Importantly, the client dedicated time and energy to really understand our creative direction and intent for the project. This reduced a lot of questions back and forth, and eliminated unnecessary production revisions.
This faith and confidence displayed at the planning stage made the design and production process easier. Our team also felt that they were able to manage time and perform at our best.
What is your advice to marketers and clients when planning an event?
Use the right partners, right amount of detail and right kind of communication!
Sourcing the right partners is crucial for the success of any project. The partner needs to match with the particular type of project. In order to be able to select the said partner, the project outcome must be clearly understood. One of the biggest mistakes is identifying the technology or gimmick first – before the expected result is fully understood.
Having the right amount of detail in the initial brief is also critical. The brief should give a clear overall picture of what you want to achieve, the project outcome. Questions should be asked by both parties to clear any doubts.
Once the initial selection and briefing is complete, communication becomes the driving force of the project. Easy and efficient channels for communication should be established. There are many tools available which work better than email and phone calls.
What is the toughest event you have ever worked on?
The toughest project to-date has been the 360-degree projection mapping of one of the largest monuments in the world, the Ruwanwelisaya Stupa of Sri Lanka. It stands at 103 meters high with a circumference of 290 meters.
Built around 140 BC, the Stupa is a UNESCO World Heritage site and revered by Buddhists all over the world. There were many challenges starting with the significance of the site. We had to take every precaution to safely install projectors, power and servers also ensuring every last piece of material used is removed without damage to the location.
How did you beat the challenges?
This project was especially challenging as we only received strong orders to execute the project but minimum ground support. Once all was confirmed we had less than 18 days for the production!
We had to import all projectors and lenses as the necessary hardware was not available on the island. Further, a project of this scale had never been executed on the island.

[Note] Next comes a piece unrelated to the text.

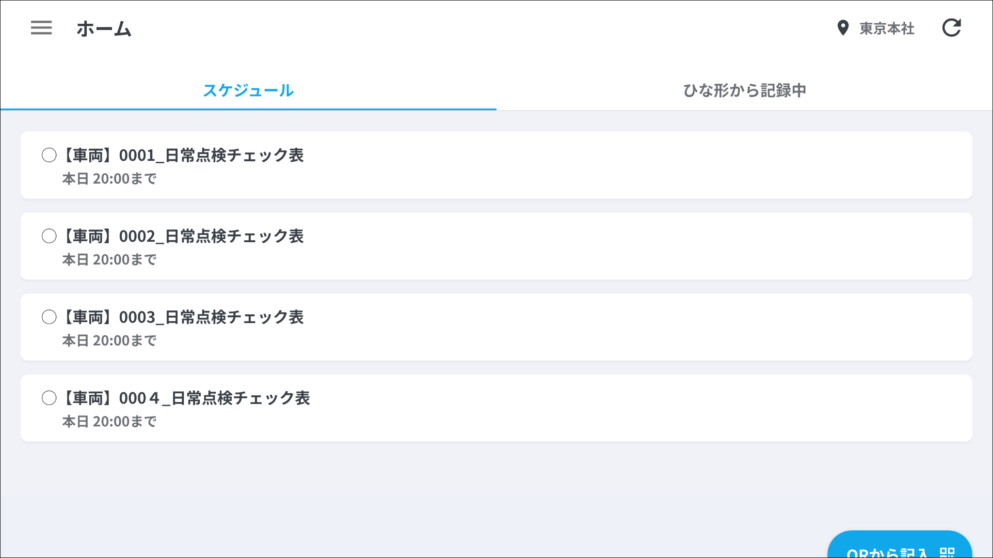 記録者の画面からは、車両名のついたスケジュールが表示されるため、今日担当する車両のみ記録を行い、運行がない車両は「本日の運行有無」を確認する質問を最初に入れて条件分岐を使って必要な質問だけに回答していきます。

We had to appoint and staff the specialised teams for structures, power and networking. When that was done, we sat down with the teams for almost 48 hours straight to plan all operations from content production to load in and load out.
The 360-degree structure meant each projection point was 70 m apart. We decided to go with the solution of multiple servers connected via a high-speed network. As the hemispherical structure was not visible from one single point, wrapping content on the structure required great planning. The 3D capabilities of Dataton WATCHOUT turned out to be very useful for our content and onsite workflows.
Some people felt the project might pose a threat to such religious spaces, while others applauded it as a leap in technology and innovation. We felt both proud and privileged to have been entrusted with the event.